What do two floral designers choose for their wedding decor? "Tons of lilacs, verbinium, French tulips, Anna roses from the south of France, lisianthus, and daffodils," says Stacey, who did the planning herself but not the actual decorating. "Cas is from Holland, and his father and stepmother are also florists there. They did almost everything. Pink and red rose petals lined window ledges, bouquets with wired ribbons were carried on each service tray, blooming pear branches were placed on the floor around pedestals that held even more flowers. No two arrangements were alike; they were positioned on the floor all around the loft in different types of urns. The colors were very pale and cool: lavender, blues, soft yellow, blush pink, and a range of greens from light to dark all created this incredible environment. We brought an entire spring garden inside on a wildly snowy day."

Also taking inspiration from their work, Janis and George Obermeier let the sky be their limit. As owners of Natural Highs, a company that promotes drug-free ways to feel good, Janis and George took their marriage to new heights- in a hot air balloon.

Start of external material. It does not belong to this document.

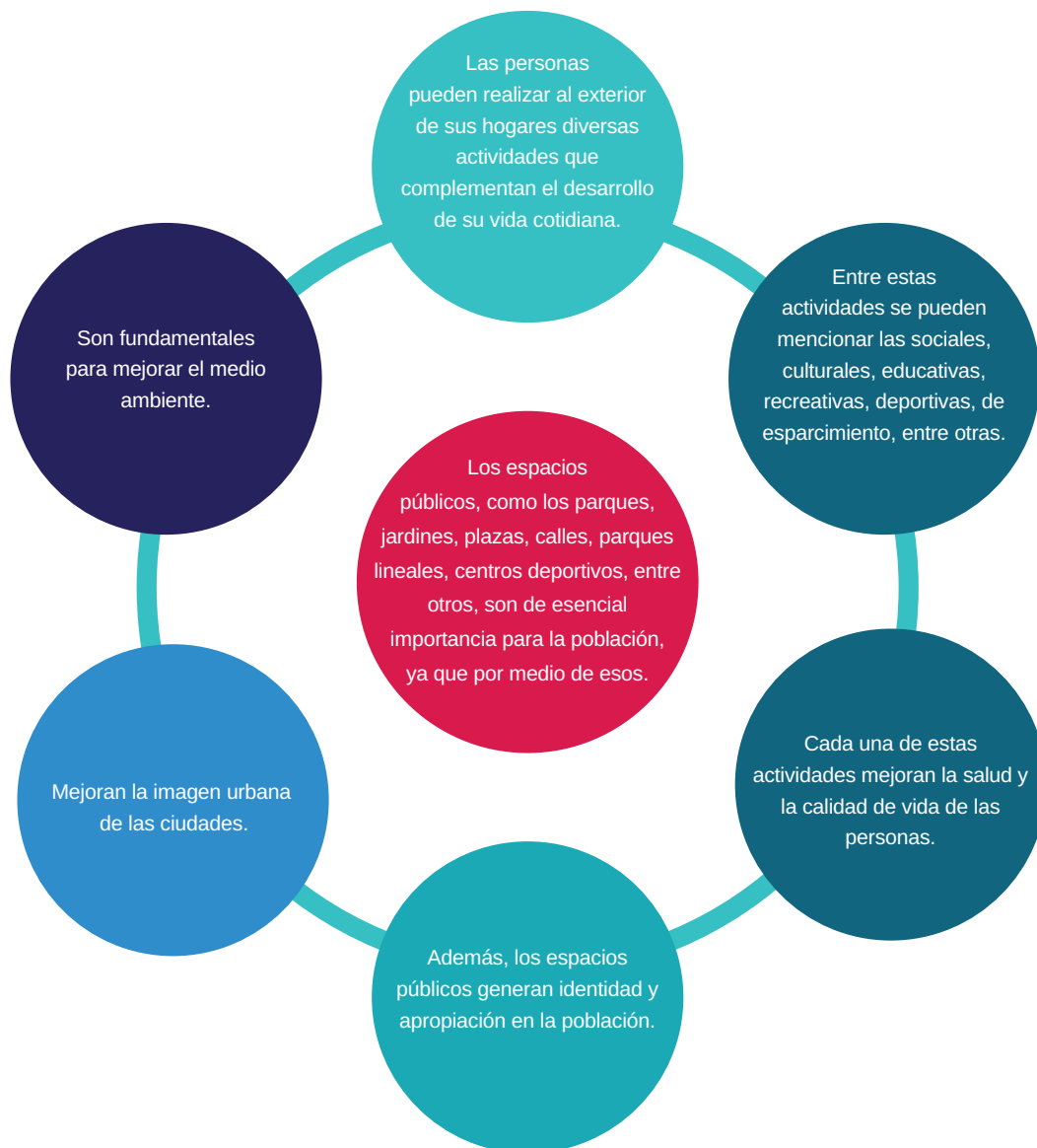
Figura 1. Esquema de la importancia de los espacios públicos.

y para las personas que habitan en ellas. Los espacios públicos –parques, parques lineales, centros deportivos, jardines, plazas, calles– son necesarios para estructurar adecuadamente los espacios que conforman las ciudades, y así, en esta estructuración, exista un equilibrio en la imagen urbana, la aportación de beneficios al medio ambiente, la funcionalidad y las actividades que se generan en este tejido urbano.

"This is a second marriage for both of us, so we wanted to do something different," says George. "Because we had some family members who weren't able to ride in a balloon, the actual vows were exchanged while we were still on the ground. Then two balloons went up, one carrying Janis, myself, and our kids, the other with Janis's father and some friends. It was such a peaceful, serene experience. The only problem was that because the wind conditions had to be perfect, we couldn't invite guests to join us in the air since there was no guarantee we would be able to lift off that day. And we had a wonderful reception on the ground with all of our friends and family one month later."

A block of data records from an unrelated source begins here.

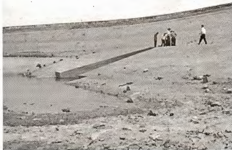
Hình 2. Hồ Cam Ranh trơ đáy cuối tháng 2 năm 2005
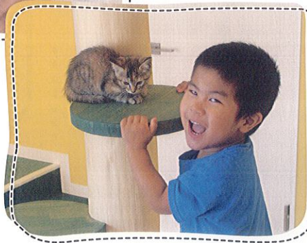
●お子様と一緒に猫と触れ合おう! 猫と楽しく触れ合ってください。一緒にあそぶだけで心がとても癒されますよ。
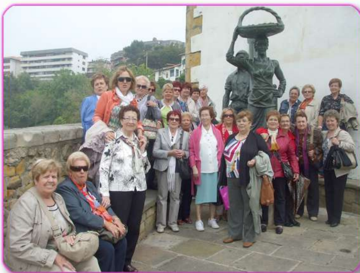
Invitación a la Asociación de Mujeres Santa Ana a visitar nuestro Municipio

La salida de este año a Salinas de Añana, resultó muy interesante y formativa.
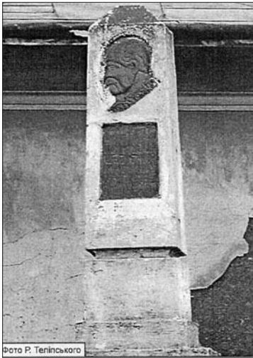
Тарас Шевченко 1914 р. с. Микулинці (Франківщина)
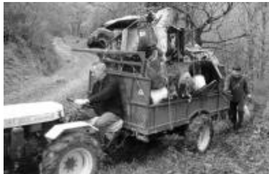
Urtero traste ugari aurkitzen dituzte inguruak garbitzerakoan. HITZA

Izan ere, «urria egiten duenean, zaborretan ura kutsatu eta ondoren ur horrek erreka kutsatzen du. Zabor kutsakorra kentzea ezin-
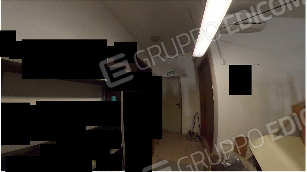
Figura 33 Interno laboratorio
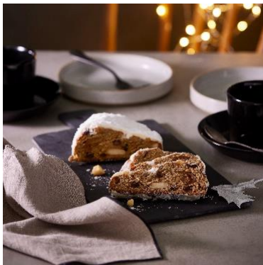
シュトーレン ブリコラージュ ブレッド アンド カンパニー 3,500円

販売期間 11月7日(火)～12月25日(月) 提供時間 11:00～21:00 (金土祝前日は ~21:30)
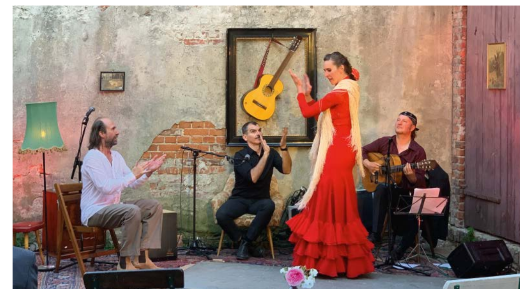
Das Flamencokollektiv aus Tackern bringt spanisches Lebensgefühl nach Perleberg.
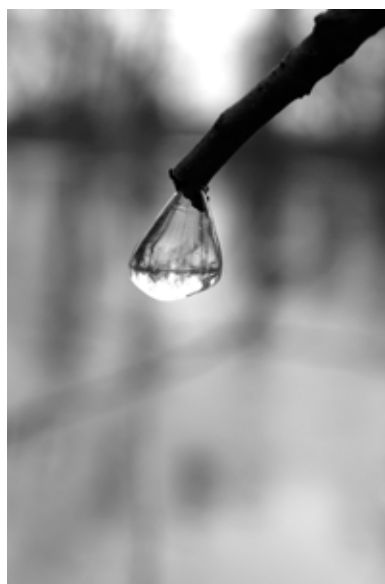
Jean-Claude Durmeyer , L'III aux trésors n°0028 , 2012 Photographie noir et blanc
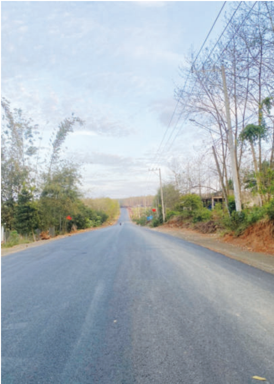
Đường kết nối ngang QL14 với tuyến ĐT.755 nối ĐT.753
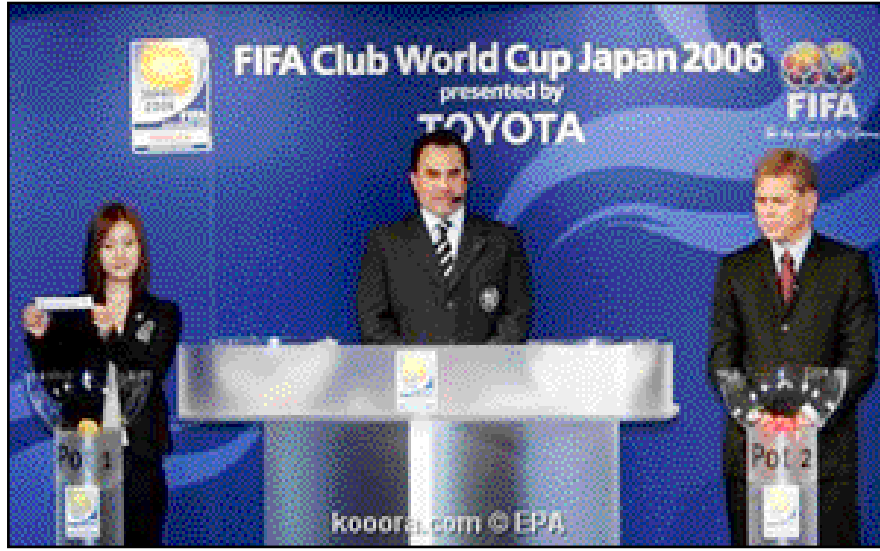
وقام فعاليات البطولة في الفترة من العاشر إلى 16 كانون الأول/ديسمبر المقبل، قبل النهائي في المباراة النهائية للبطولة على كأس العالم للأندية.

سيتمتع فريق برشلونة الإسباني بطل أوروبا بعبءة عن باقي الفرق التي ستشارك في كأس العالم للأندية التي ينظمها الاتحاد الدولي لكرة القدم (فيفا) والمقررة في اليابان في شهر ديسمبر المقبل بعد أن اتحد له قرعة البطولة التي أجريت في طوكيو الخميس يوم راحة إضافي. وسيلعب الفريق الإسباني إما مع فريق كلوب أمريكا المكسيكي بطل أمريكا الوسطى أم مع الفائز بلقب دوري أبطال آسيا هذا العام في مباراته الأولى بالبطولة في يوكوهاما في 14 كانون الأول/ديسمبر المقبل. ومن جهته سيلعب فريق إنترناسيونال البرازيلي الفائز بلقب بطولة كأس ليبرتادوريس لفرق أمريكا

Billy Barrow was working in Florida as a diving instructor when Ruth Schrenzel signed up as one of his first students. When love bloomed, an underwater wedding seemed the obvious choice. "I grew up on the water and made my living on the water, so it was a natural decision," says Billy, who still teaches diving when he's not on duty as a Coral Gables police officer. The ceremony took place on the Key Largo Dry Rocks near a statue of Christ--a gift from Italian divers that is dedicated to the lost souls of the sea. "All the vows were written on slates," remembers Billy. "Ruth and I only had to check an 'I Do' box to make it official. Some of our guests were in the water with us; those who didn't dive watched from a glass-bottomed boat. This was also followed by a religious ceremony--on dry land."

Many of today's couples choose to marry far away from home, and no locale is more coveted than tropical Hawaii. Alicia Bay Laurel, the director of A Wedding Made in Paradise, based on the island of Maui, has coordinated hundreds of long-distance weddings for couples who seek the unusual and can't be there to plan the event.

"Some months I'll have as many as thirty weddings to work on," says Laurel, who regularly gets calls and letters from nearly every country--Singapore to Scotland. "I've planned a Jewish wedding for an Argentinian and Canadian couple, a ceremony for a Danish architect and his Chinese bride complete with canoe transportation, and an off-shore catamaran service officiated by a Samoan minister. But one of my favorites was the wedding on horseback of two grandparents- their grandchildren urged the union. The bride raised thoroughbreds and the groom was a horsesboer, so the mode of transportation was a logical one. The ceremony was performed high on a hillside overlooking the ocean. It just took your breath away."

Medieval music, "best dogs," balloons, cliffside vows, a marriage made in Bali, or even a lovely service in your own neighborhood. The wedding rite means something different to every couple who takes part in it. If you rely on your own creative ideas and the resources to accommodate them, few dreams need go unfulfilled.